24.2.26

“Isso Non Ecziste”

Oscar Quevedo, S.J. (1930-2019), tornou-se famoso no Brasil por dizer que certas coisas, como os fenômenos preternaturais, simplesmente “non eczistem” — pronúncia dada pelo sotaque misturado do português com o espanhol. Algo nisso tudo, para além da caricatura, terminou chamando a atenção.
Rei Josias Limpa a Terra dos Ídolos. William Hole.
1. Se proposital, parece-nos que tal caricatura, de um jesuíta com sotaque estranho, ocultava algo polêmico. No “Programa do Jô”, Quevedo, explicando que demônios “non eczistem” (ao próprio, do lado dele), falou que Jesus Cristo, quando foi tentado pelo demônio (Mt 4, 1-11; Mc 1, 12s; Lc 4, 1-13), foi por Ele mesmo ao invés do diabo.
2. Explicou naquele programa que demônios eram atributos dos problemas dos homens, doenças (cegueira, paralisias, epilepsias etc.), que por conta da noção grega, atribuía-se às entidades de intermédio ou deuses menores, motivo pelo qual Nosso Senhor não foi tentado no deserto por algum diabo, mar por Ele mesmo.

3. Há de se concordar com Quevedo no tocante às doenças que ainda são objetos da crendice supersticiosa, como se vê no protestantismo e comunidades que insistem num “catolicismo” paradoxalmente cismático. As alienações que acontecem com tais adeptos dão provas de que as enfermidades são colocadas às margens da ciência.

4. Diga-se de passagem, muito da ciência se deve à Igreja — como ainda hoje! Todavia, diante de um tópico teológico, próprio da fé, Quevedo estende a parapsicologia, que ele procurou defender a vida toda, para além do alcance, errando a doutrina que observa Satanás não como uma ação da psíquica, mas, neste ponto, por sua literalidade.

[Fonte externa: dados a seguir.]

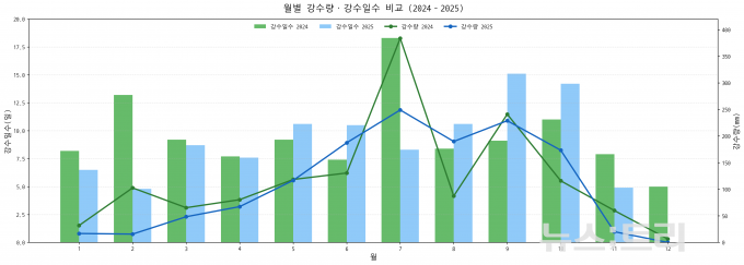 이렇게 비가 많이 내렸지만 가뭄은 더해졌다. 올 1월 비가 평년보다 적게 내려 전국 곳곳에서 가뭄이 관측됐고, 봄에는 경기·강원·충청·경북, 여름에는 강원 영동과 남부·제주 일부 지역, 8~9월에는 강원 전역에서 심한 가뭄이 나타났다. 짧은 폭우와 긴 건조가 반복되며 '강수량은 많은데 물은 부족한' 기후역설이 현실이 된 셈이다.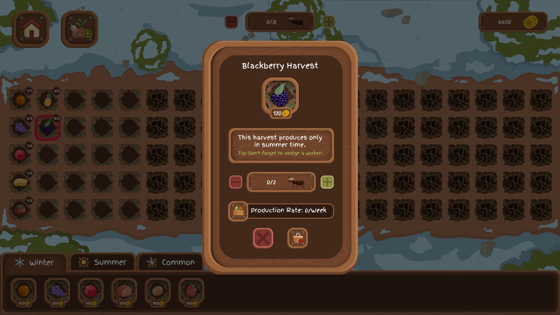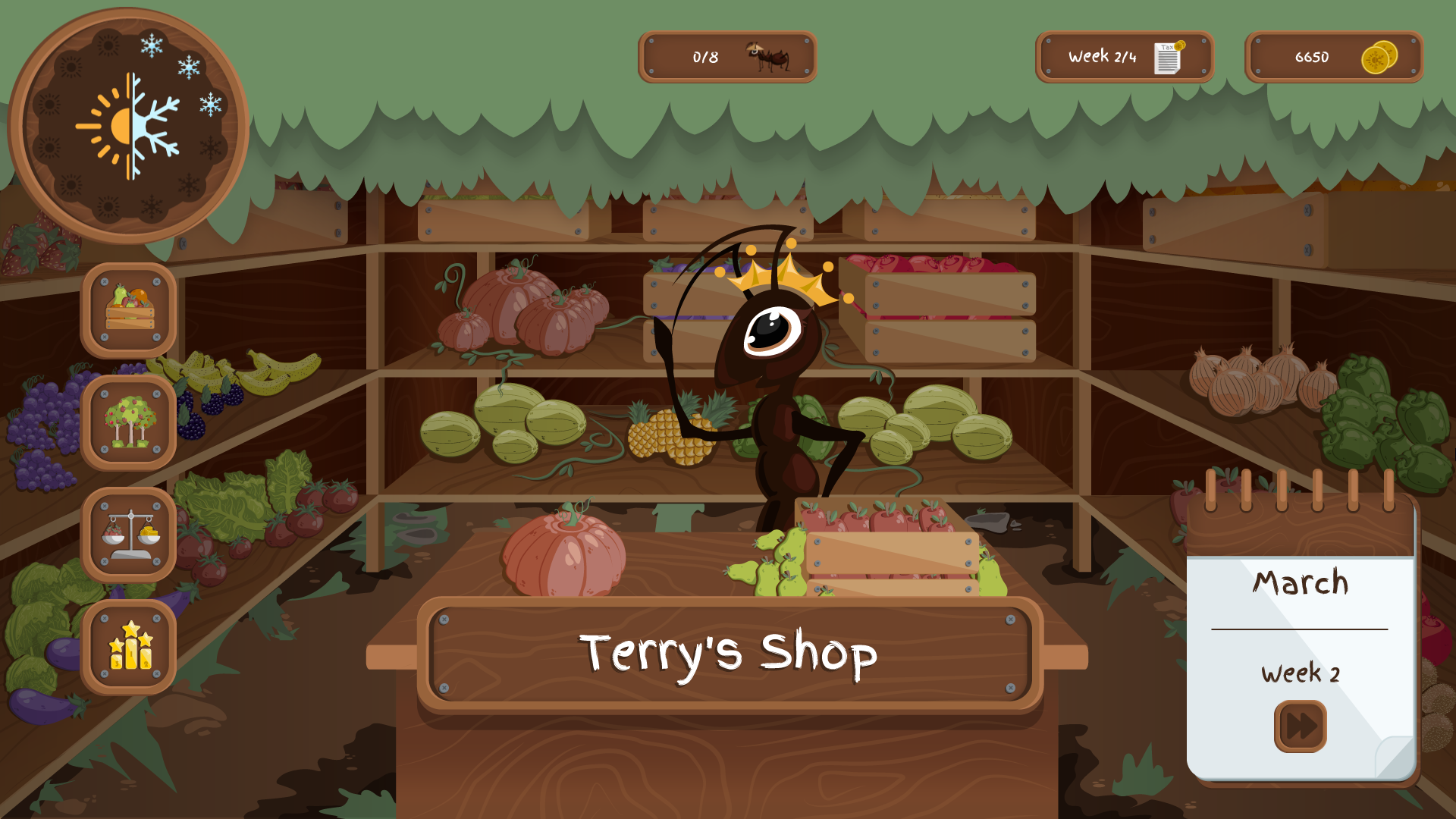 In game, players will play as the Ant Queen and manage the shop, garden, storage and workers depending on the seasons and the weekly sales reports.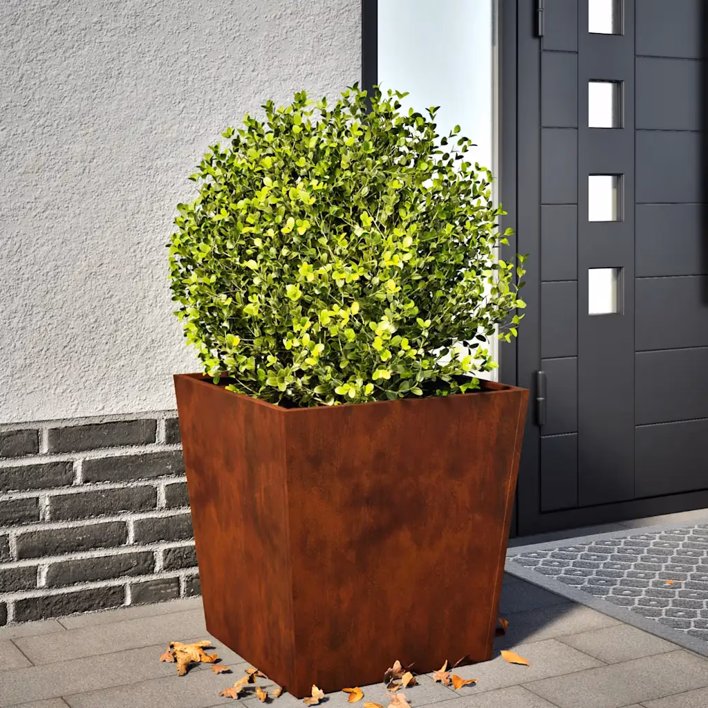 Vali see ilmastikukindlast terasest taimekast, kui otsid vastupidavat ja vähest hooldust vajavat istutuslahendust, mis sobib hästi eri tüüpi õuealade kujundamiseks. Ruumikas ja põhjaga konstruktsioon teeb sellest hea valiku nii üksikute aktsenttaimede kui ka väiksemate peenarde loomiseks, lisades sinu aeda, rõdule või terrassile iseloomuliku pruuni metallitooni.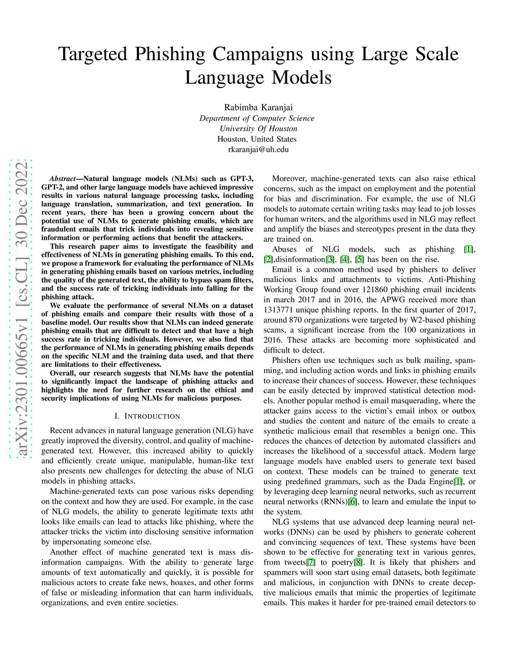 Targeted Phishing Campaigns using Large Scale Language Models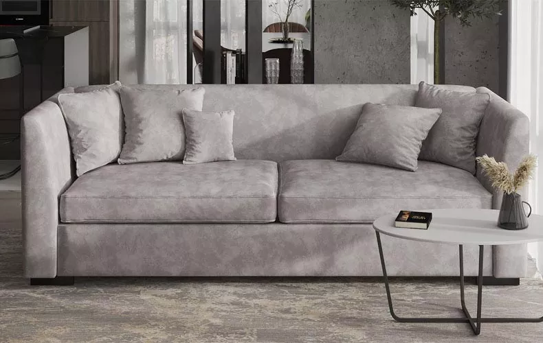 Диван оснащен механизмом трансформации «Пума». Данная конструкция образует спальное место шириной 202см и глубиной 140см при раскладывании сидений дивана. Отделку можно заказать из предлагаемых коллекций тканей на выбор.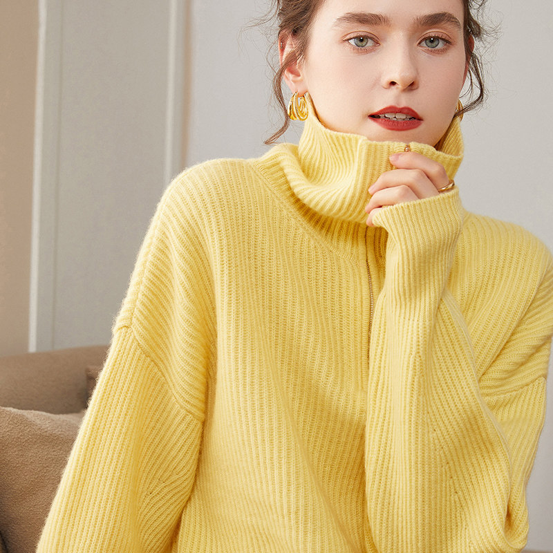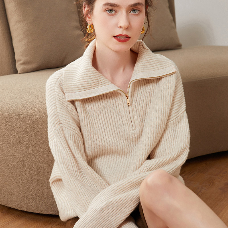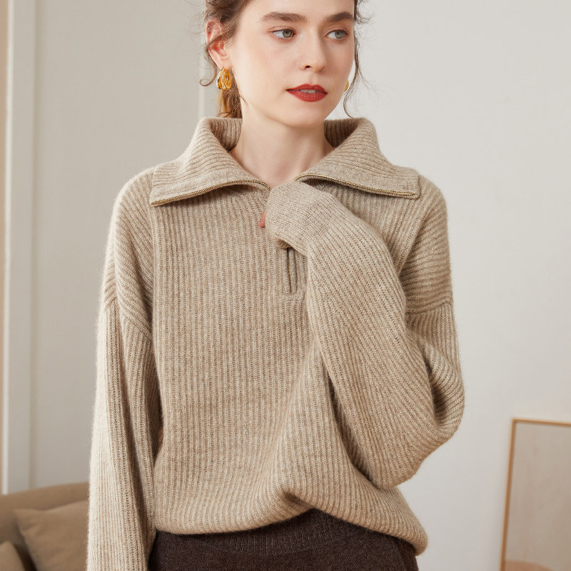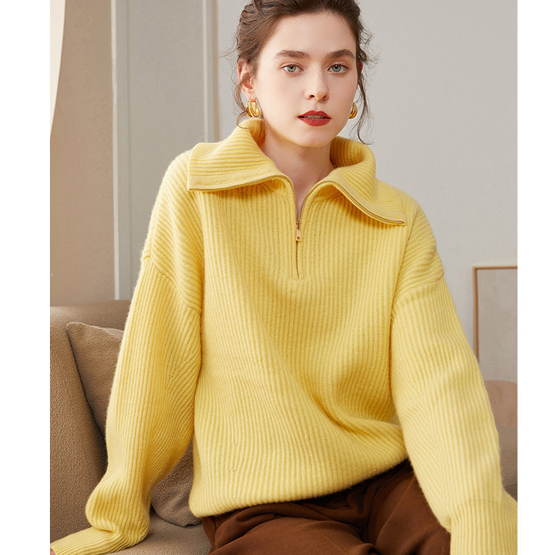 Кашемировая рубашка, демисезонный трикотажный шерстяной свитер с молнией, большой размер, оверсайз, увеличенная толщина, на молнии

5. Poderíamos percorrer os volumes do “Catena Áurea”, de São Tomás de Aquino, só para dizer o óbvio: que Ele foi tentado pelo “demônio”, que era “Satanás”. Ou as palavras, dessa forma, estão todas equivocadas no Evangelho de Jesus Cristo, segundo Mateus, Marcos e Lucas, ou Quevedo ignorou a inteligência dos evangelistas.

6. Mateus e Lucas se referem ao “demônio”, porém, Marcos remete a “Satanás”, variando a palavra de um mesmo contexto, embora para ambos os casos os significados só corroborem uma compreensão: que foi Nosso Senhor tentado por alguém que não Ele mesmo. Por que Quevedo subverte o Evangelho?

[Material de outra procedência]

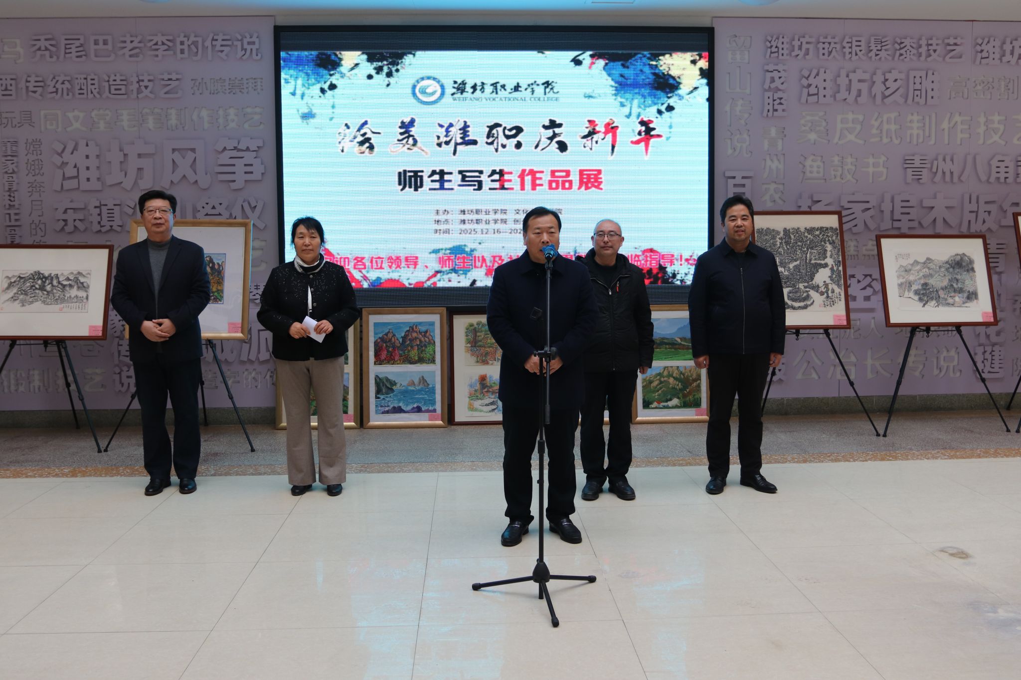 12月16日下午,文化创意学院“绘美潍职庆新年”师生写生作品展在奎文校区开展。学院党委副书记贺志强,党委委员、宣传部部长鞠桂芹,教务处处长、文化创意学院党政负责同志及200余名师生代表参加活动。作品展汇集了文化创意学院艺术设计专业师生在日照九仙山、淄博峨庄、青州杨集等地区写生课程的优秀作品300余幅,涵盖速写、水粉、油画等多种艺术形式。作品内容丰富、风格多样,既有细腻入微的工笔描绘,也有大气磅礴的山水写意。每一件作品都凝聚了师生的辛勤努力和独特创意,...更多 -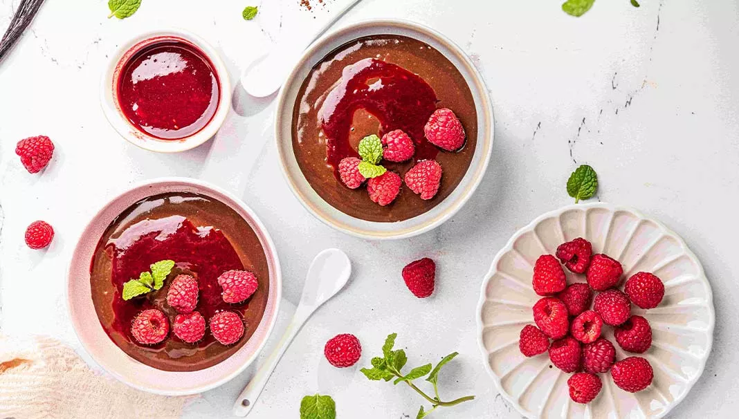 Canınız süper gıda olarak kabul edilen kakao ve ahududu ile şöyle tatlı bir şeyler mi çekiyor? O zaman karşı koyayamayacağınız bir pirinç tatlısı öneriyoruz: Ahududu soslu çikolatalı pirinç pudingi.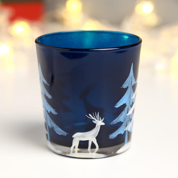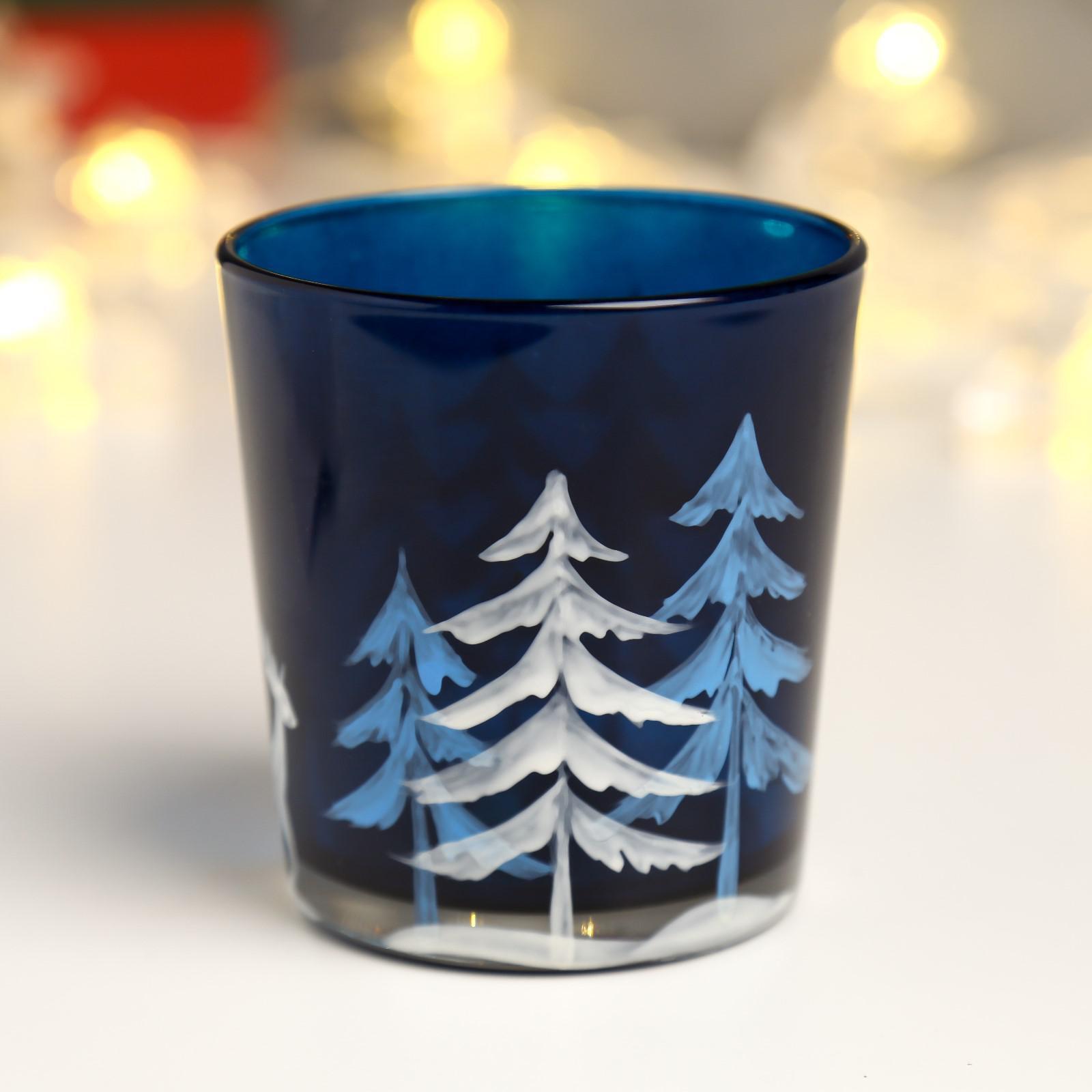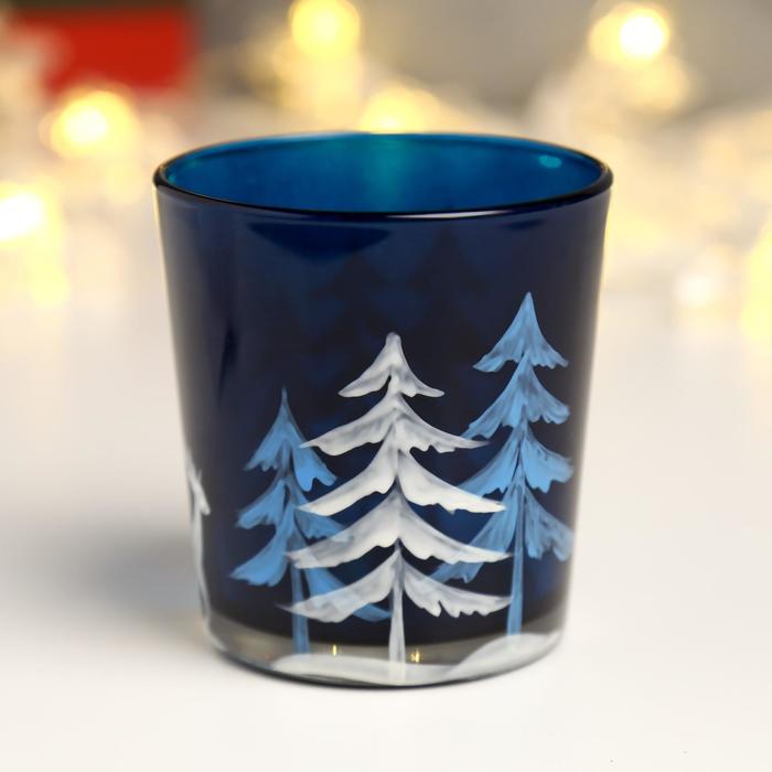 Подсвечник "Зимний лес" синий 8 см 5222395

7. Resposta: para que nele caiba suas teses parapsicológicas, que não admitem a existência de demônios (assim como anjos, vale dizer). Não é que a parapsicologia esteja toda errada, pois como área aberta ao estudo, certamente contará com melhores horizontes. Apenas essa opinião de Quevedo é que é herética.

8. Estranho Quevedo ser mencionado no livro de Francesco Scalzotto, qual seja, “Fui Espião!”, objetivando demonstrar as “ordenações de falsos padres na Igreja do Brasil” pela ação da famigerada Propaganda Dois — P2, loja maçônica italiana que causou graves problemas à Igreja, incluindo as infiltrações de agentes no clero.

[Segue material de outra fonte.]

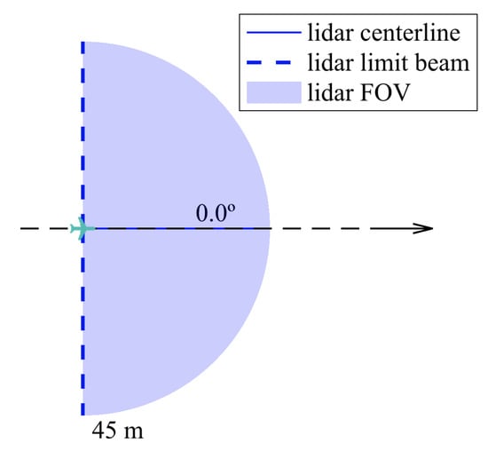Each LIDAR was modeled with a range of 45 m, an accuracy of 0.1 m, and a variable FOV. According to hardware specifications (see Table 1), this FOV can range from to ; thus, a FOV of was chosen. This value ensures a reasonable trade-off between timely scanning frequency and a broad scope.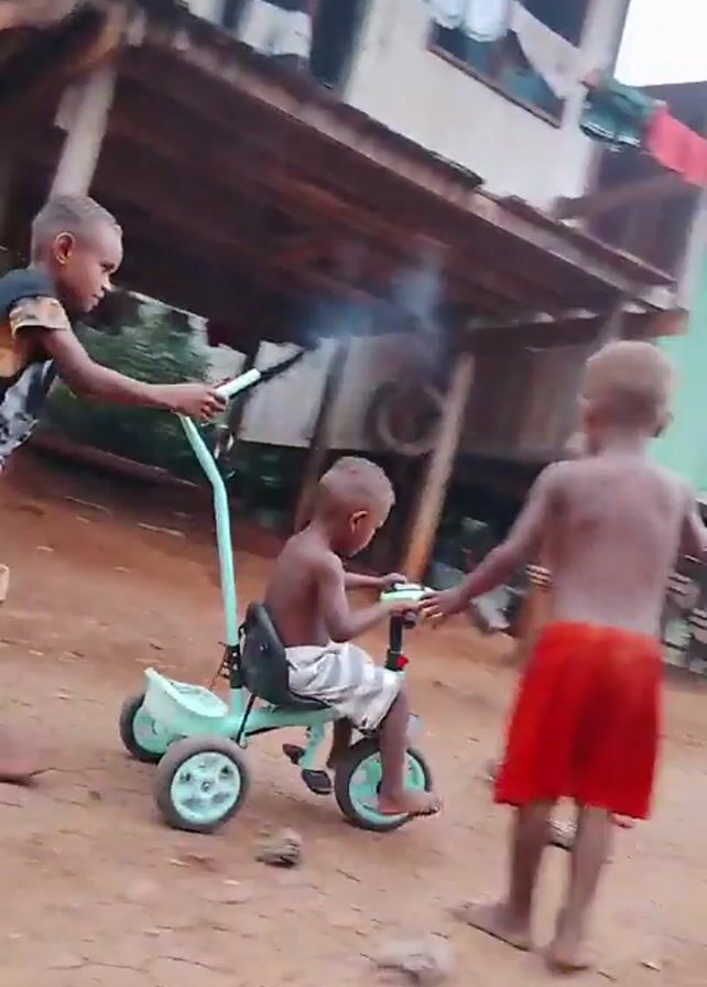 several young children playing outside near some stilt houses. One child is riding a small, mint-green tricycle while another pushes from behind. A different child walks around holding a small flaming object on a wire. The ground is a cracked, reddish-brown dirt. Laundry is hanging to dry on one of the houses.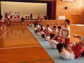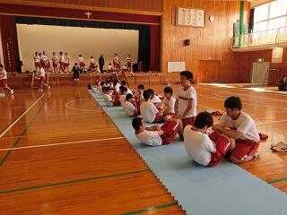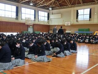 ☆全体終礼です。全員が揃うまで黙想して待ちます。

9. Todo o livro, datado de 1986 pelo editor, digna-se às evidentes suspeitas, dado o autor (que não é o jovem padre da Diocese de Bolonha) se colocar como um desses maçons. Contudo, Quevedo, sobretudo por seu trabalho “Antes que os Demônios Voltem”, termina dando algum ar de fundamento para essa denúncia.